BEGIN Supplied material

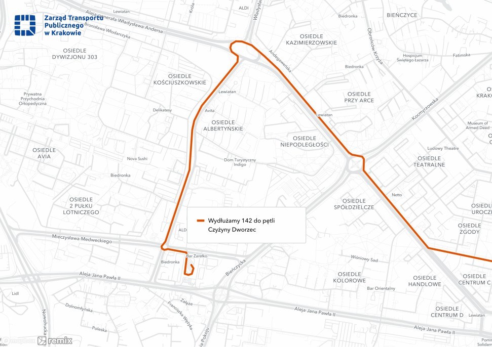 - Wydłużenie linii 142 z pętli Aleja Przyjaźni do pętli Czyżyny Dworzec, przywracając bezpośrednie połączenie dla mieszkańców rejonu ulicy Marii Dąbrowskiej z centrum Nowej Huty;
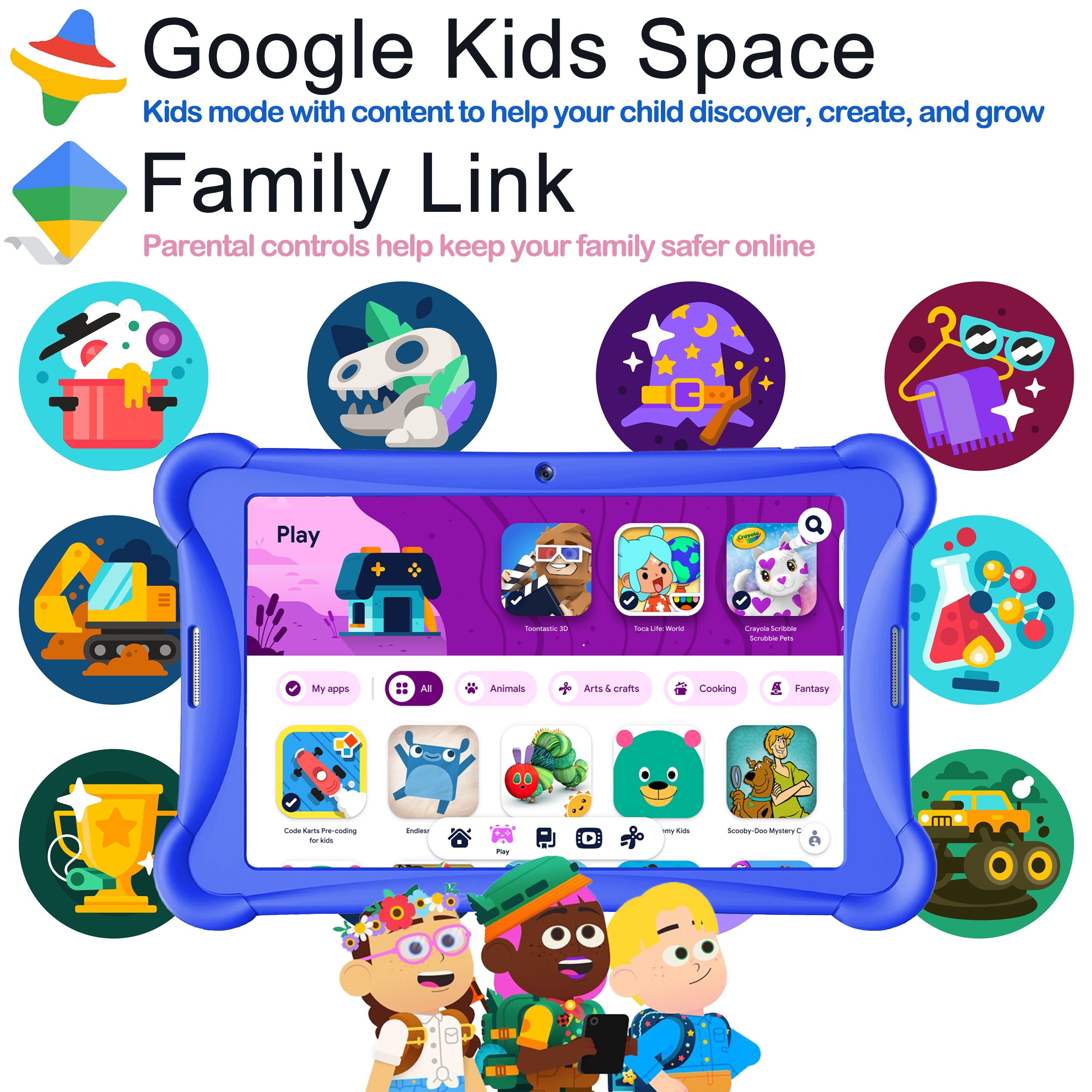 2024 ME K10 Google Kids Space 10″ 128GB Kids Tablet + Silicone Bumper, Everyday Low Price, Blue
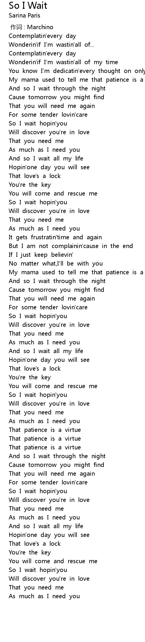 | [00:36.921] | My mama used to tell me that patience is a virtue |
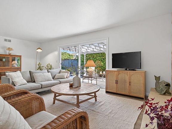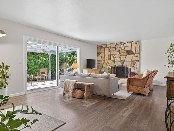 Set on a prime corner lot in the peaceful foothills of Santa Paula, directly across from a picturesque avocado orchard, this immaculate and highly upgraded single-story home is a true gem. Framed by a charming exterior, drought-tolerant landscaping, and a stunning mountain backdrop, the residence welcomes you inside with warm wide-plank flooring, soothing neutral tones, and elevated finishes throughout. The beautifully remodeled kitchen captures serene views of the orchard and features timeless quartz countertops, soft-close cabinetry, stainless steel appliances, and a spacious counter bar perfect for casual dining. Designed for connection and gathering with loved ones, the kitchen opens to a bright dining area that flows into the expansive living room- centered by a classic stone fireplace and illuminated by warm natural light. Large glass sliders invite you outdoors to the private patio and backyard--an ideal setting for family barbecues, al fresco dining, or quiet evenings spent enjoying Santa Paula's ideal climate. Down the hallway, you'll find three bedrooms with mountain views, a full guest bath, and a serene primary suite offering a generous walk-in closet and brand-new (2025) ensuite bath. Every detail has been refreshed, from the tiled walk-in shower and new vanity, to contemporary flooring and fixtures. Additional highlights include an attached two-car garage, RV parking, plumbed exterior drainage, and underground utilities. Perfectly located near charming downtown Santa Paula, local trails, parks, shopping, and with easy 101 access, this home offers the best of relaxed living and modern convenience. Don't miss the opportunity to make this exceptional home your own.
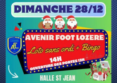 GRAND LOTO DE NOËL L’Avenir Foot Lozère vous donne rendez-vous pour un après-midi exceptionnel placé sous le signe du jeu, du partage et de la fête Dimanche 28...
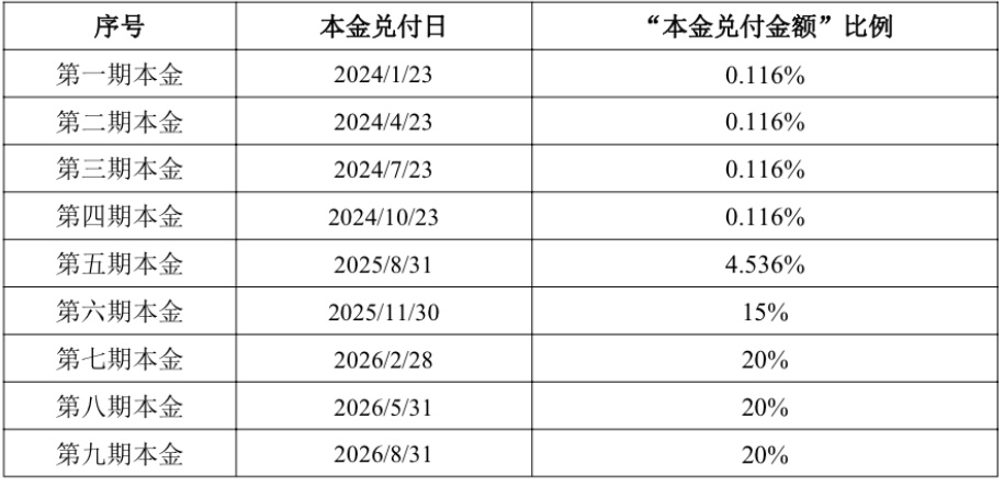 2025年8月31日,兌付第五期本金兌付金額自2023年8月31日(含) 至2025年8月31日(不含)產(chǎn)生的相關(guān)利息;
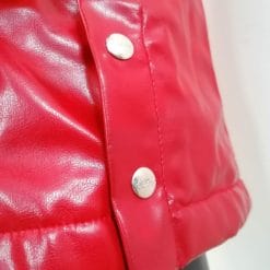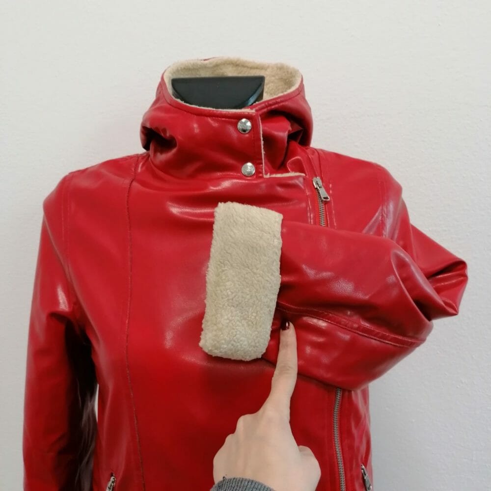 Veramente originale, giacca rossa in eco-pelle lucida foderata in finto pelo bianco con cappuccio, anni 90.
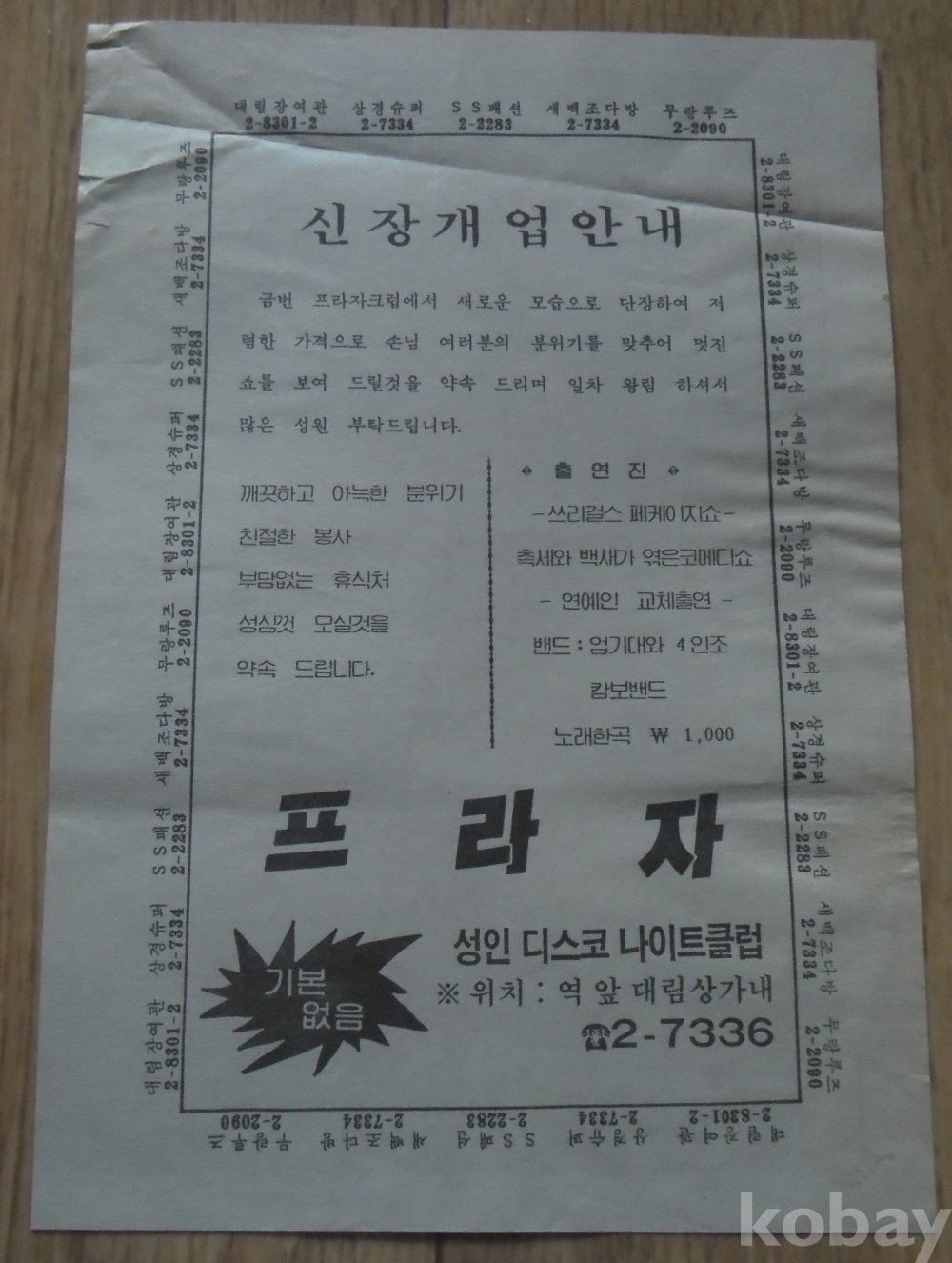 옛 전단지: 성인디스코 나이트클럽 프라자 신장개업(안동)
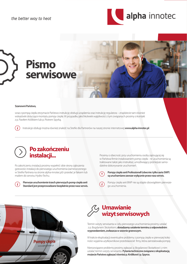 Pismo serwisowe - Pompy ciepła alpha innotec
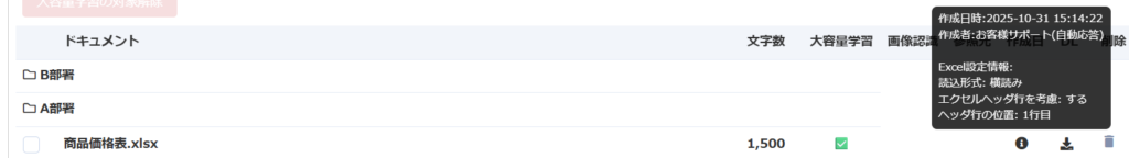 生成AI 学習済のExcelファイルの設定確認機能を追加
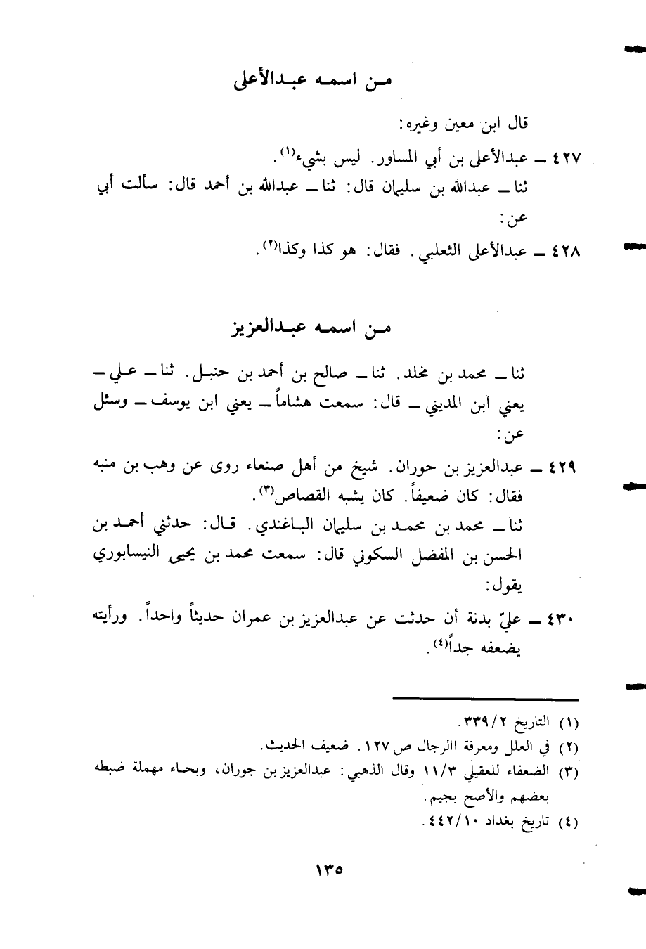 430- علي بدنة أن حدثت عن عبد العزيز بن عمران حديثاً واحداً. ورأيته يضعفه جداً4.
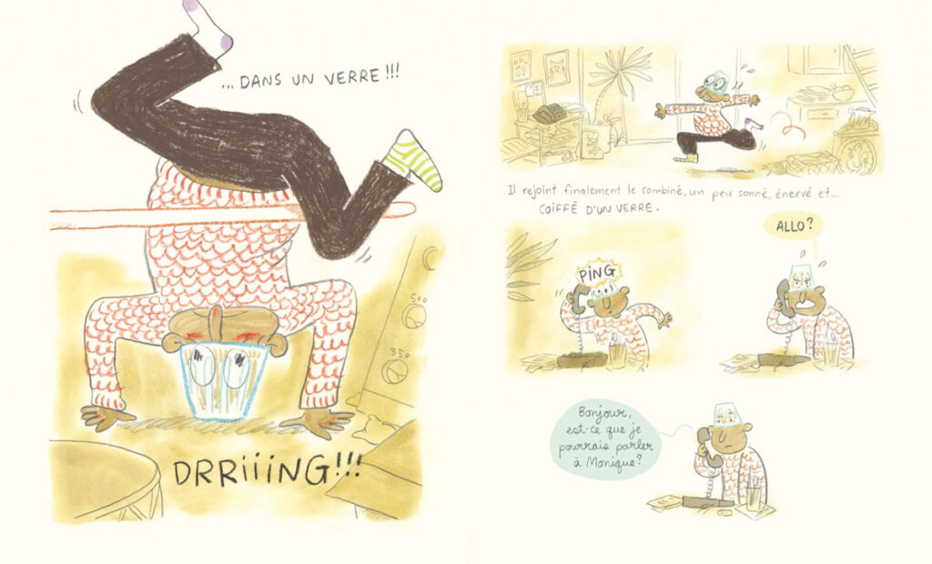 Incapable de s’en sortir par lui-même, Alphonse se résigne à demander l’aide de sa voisine Cécile, qui s’incline devant la tâche et demande du renfort à Isidore, puis à Marielle, puis au garage du village. Pas moyen de passer inaperçu ! Rapidement, tout un chacun est alerté de la malchance d’Alphonse et fait preuve d’une imagination sans bornes pour tenter de l’extirper de ce verre. »

END Supplied material

In the records above, find the line with "Set on a prime" and the line with "生成AI 学習済のExcelファイルの設定確認機能を追加", then restate word for word only those two lines and all lines between, omitting pictures.

 Set on a prime corner lot in the peaceful foothills of Santa Paula, directly across from a picturesque avocado orchard, this immaculate and highly upgraded single-story home is a true gem. Framed by a charming exterior, drought-tolerant landscaping, and a stunning mountain backdrop, the residence welcomes you inside with warm wide-plank flooring, soothing neutral tones, and elevated finishes throughout. The beautifully remodeled kitchen captures serene views of the orchard and features timeless quartz countertops, soft-close cabinetry, stainless steel appliances, and a spacious counter bar perfect for casual dining. Designed for connection and gathering with loved ones, the kitchen opens to a bright dining area that flows into the expansive living room- centered by a classic stone fireplace and illuminated by warm natural light. Large glass sliders invite you outdoors to the private patio and backyard--an ideal setting for family barbecues, al fresco dining, or quiet evenings spent enjoying Santa Paula's ideal climate. Down the hallway, you'll find three bedrooms with mountain views, a full guest bath, and a serene primary suite offering a generous walk-in closet and brand-new (2025) ensuite bath. Every detail has been refreshed, from the tiled walk-in shower and new vanity, to contemporary flooring and fixtures. Additional highlights include an attached two-car garage, RV parking, plumbed exterior drainage, and underground utilities. Perfectly located near charming downtown Santa Paula, local trails, parks, shopping, and with easy 101 access, this home offers the best of relaxed living and modern convenience. Don't miss the opportunity to make this exceptional home your own.
 GRAND LOTO DE NOËL L’Avenir Foot Lozère vous donne rendez-vous pour un après-midi exceptionnel placé sous le signe du jeu, du partage et de la fête Dimanche 28...
 2025年8月31日,兌付第五期本金兌付金額自2023年8月31日(含) 至2025年8月31日(不含)產(chǎn)生的相關(guān)利息;
 Veramente originale, giacca rossa in eco-pelle lucida foderata in finto pelo bianco con cappuccio, anni 90.
 옛 전단지: 성인디스코 나이트클럽 프라자 신장개업(안동)
 Pismo serwisowe - Pompy ciepła alpha innotec
 生成AI 学習済のExcelファイルの設定確認機能を追加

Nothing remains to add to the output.